Мне было понятно.
…Отчаливал теплоходик, мои товарищи тесно стояли на пристани, ветер дергал и рвал плащ, пиджак с сиреневым галстуком и расписные штормовки, ребята приветливо махали мне руками, девушка высоко держала полыхающую как факел косынку, все желали приятного плавания неведомо куда, чего-то там под каким-то килем, и попутного ветра, и не забывать, не забывать никогда. И ста лет не пройдет, как все это превратится в прах и пепел, и товарищи мои, и я сам, косынка, пристань и ее мохнатые ивы, и все-все. Понимаем, а как все же радостно и тепло становится в как бы дрожащей, готовой вот-вот заплакать душе, когда так нелепо, но искренне надеемся мы все, что не забудем, никогда не забудем всех нилов и серафимов, пустыньки и монастыри, блаженных, студентов, учителей и краеведов…
Огромные старинные ивы, похожие на растрепанные стога, обрамляли удаляющуюся пристань, мерно и мощно колыхались их грузные кроны под начинающим бесноваться ветром; деревья тоже прощались со мною и приветствовали мою безрассудную отвагу и решительность, мою самоотверженную способность к подвигу. «Давайте ко мне, поплыли вместе куда-нибудь, поплыли далеко, к истоку!» — пытался я перекричать кромешный ветер, с размаху дубасивший меня перинами и подушками, но перекричать невозможно, рот сразу забивает воздушной плотью.
Пенистые белые барашки, шипя, с треском вскипали на мелководьях, упрямый прибрежный камыш упруго стлался по воде от ветровых ударов. Привязанные к плясавшим на волнах буям гроздья лодок громко и больно грохались бортами.

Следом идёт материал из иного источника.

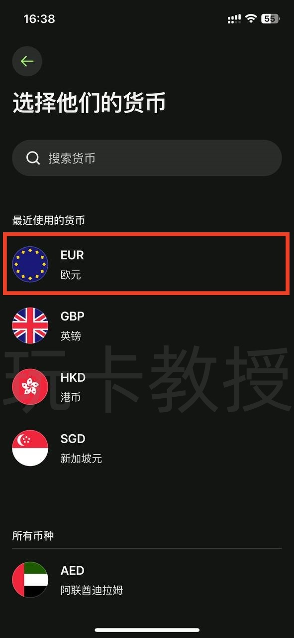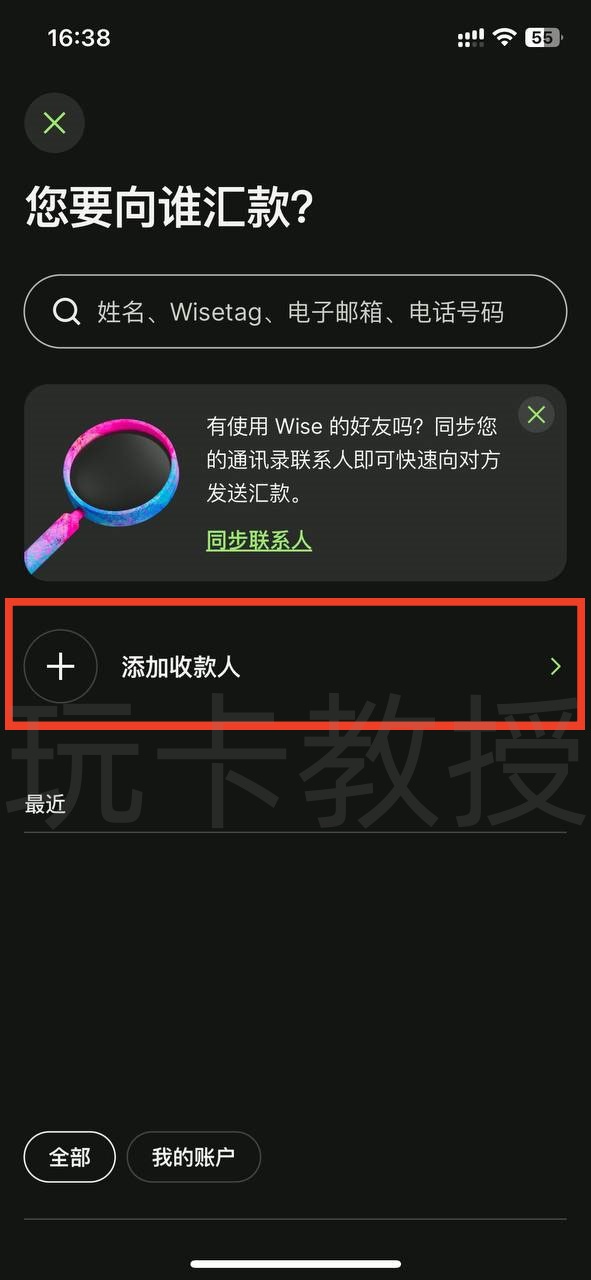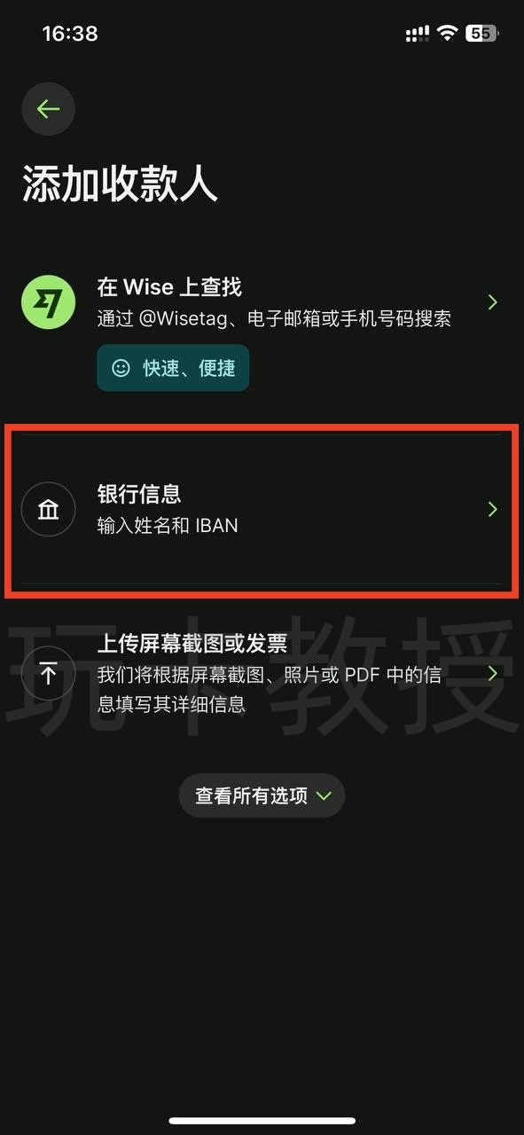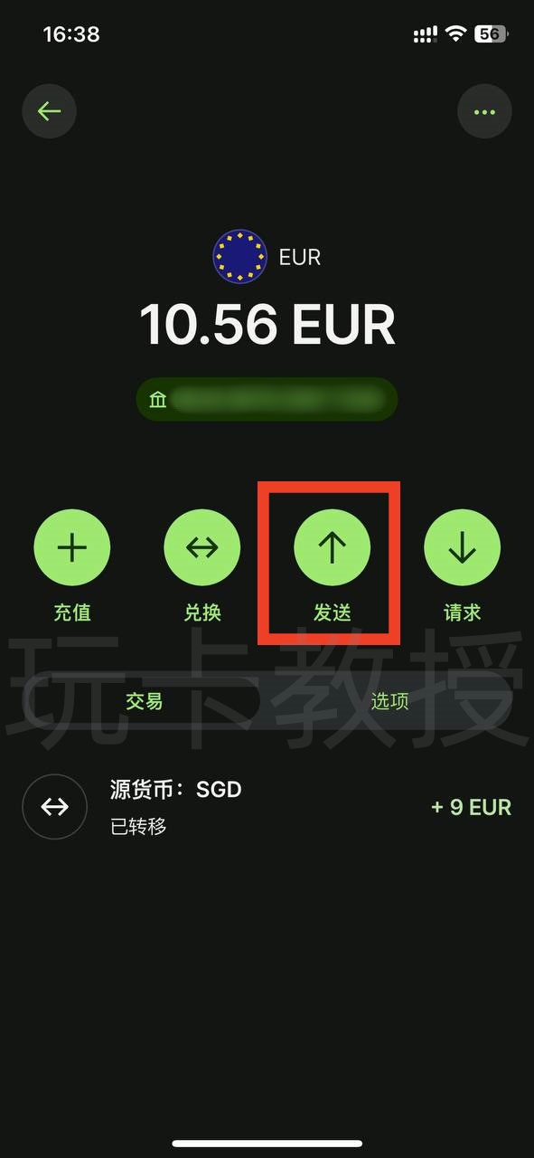打开wise,点击欧元余额,点击:发送,点击:添加收款人,选择EUR(欧元)

Внезапно учитель, отделившись от компании и, перегнувшись через перила пристани, с выражением веселого удивления, даже оторопи на лице, стал поспешно манить меня рукой обратно, к себе, словно я еще мог перескочить летом десяток метров черной и бешеной воды, отделявшей меня от берега и пристани, города, рощи, ручья и камня, от уже невообразимо далекой, исчезающей из действительности деревни, где два родных брата…
— Слу-ушай! Слушай, эй, как тебя? — обрывками доносились слова учителя. — Ты же говорил… тебе не туда! Тебе на поезд, в другую сторону!.. Эй, забыл, что ли? Давай обратно!
Куда обратно, просветитель, куда обратно?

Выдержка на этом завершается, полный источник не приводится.